A few use cases are also emerging for data centers with access to lots of cheap power but poor connectivity. Cryptocurrency mining was the most prominent driver of this kind of data center, sparking development in nontraditional markets as far flung as North Dakota and Wyoming on sites tied directly to renewable energy sources. The crypto mining sector has crashed, but some new industries are trying to fill the demand gap at these facilities: from AI training to rendering movies and video games.
Everything is moving toward the “edge,” even if no one can agree what that means.
The edge is one of the data center industry’s most common buzzwords, even as its meaning remains fluid.
In the most general sense, the edge refers to data storage and processing that takes place close to the end user. For a large cloud provider, a large data center in Denver or Boston might be considered an edge facility if it serves customers only in that area, as opposed to a core data center in Loudoun County that stores and processes data from all over the country. Cloud giants like AWS are increasingly building out this kind of edge infrastructure to provide low latency options for certain customers in major population centers.

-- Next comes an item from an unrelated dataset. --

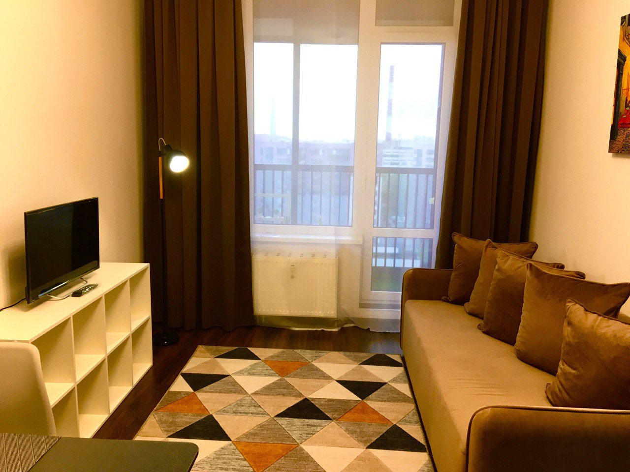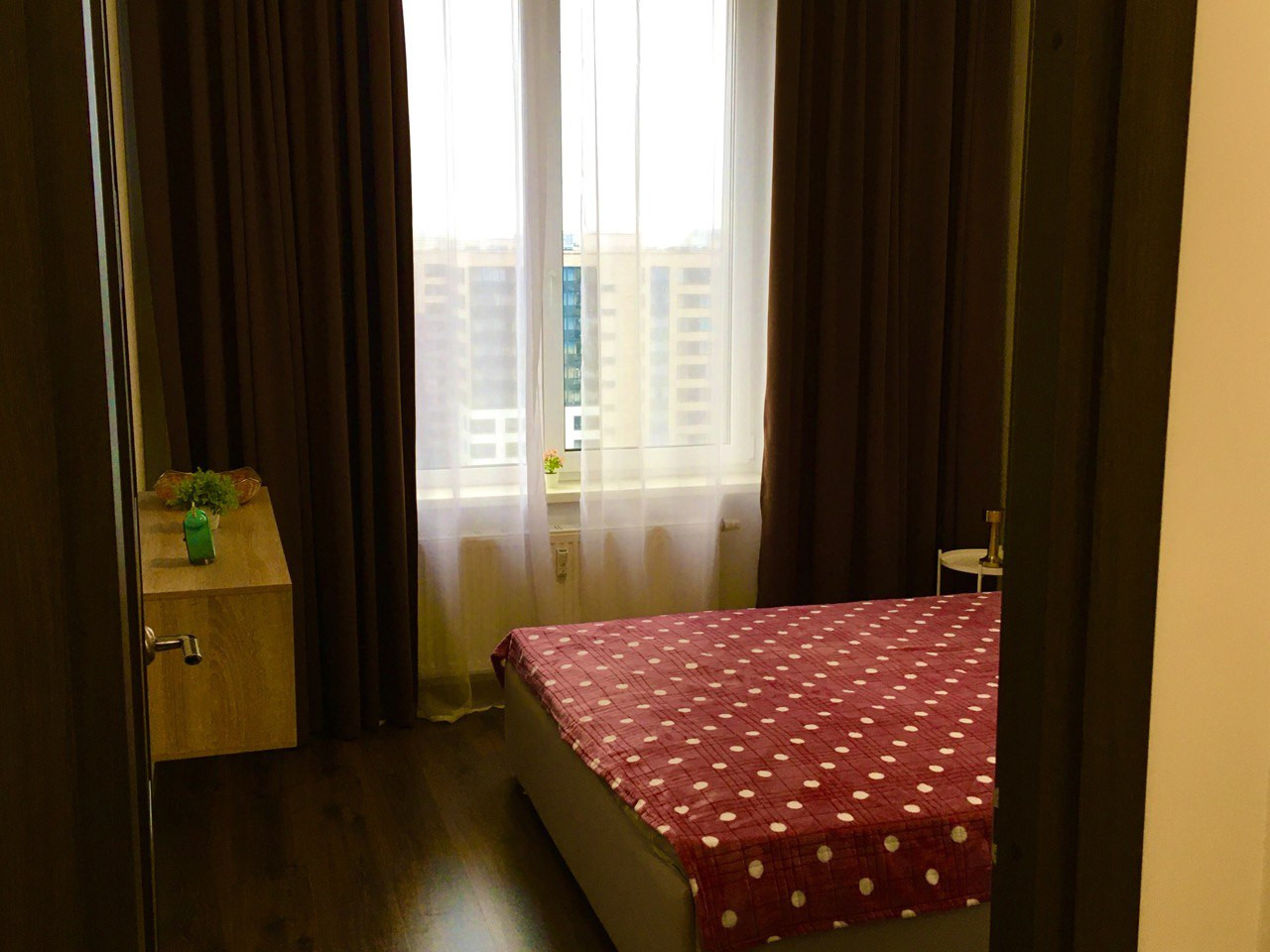 - Современная планировка – большая комната с кухонным сектором, отдельная спальня с высоким окном.
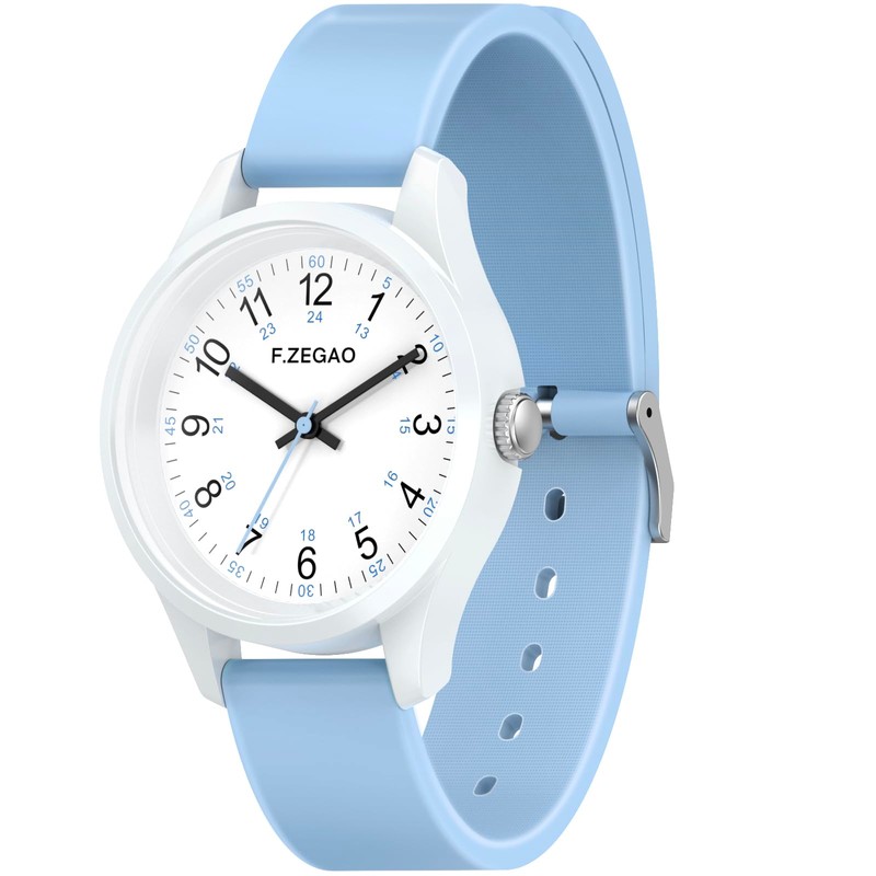 F.ZEGAO - Relojes para mujer, 100 m, impermeables, para mujer, fácil de leer, con segunda mano, con banda de silicona suave y colorida para nadar/bucear, Azul, Analógico clásico

But “edge” is also commonly used to refer to much smaller, often unmanned facilities used to quickly process certain types of data produced in their immediate surrounding. This includes processing units on cell towers — sometimes called the wireless edge — that could see widespread adoption due to the emergence of 5G, or roadside units used to quickly process data for driverless cars.
While the exact definition of the edge remains murky, its widespread use reflects a certain trend within the data center and digital infrastructure space: The industry is becoming increasingly decentralized. Companies and individuals everywhere are using and producing an ever-growing flood of data that increasingly needs to be stored and processed near them.
And that means data centers will be everywhere.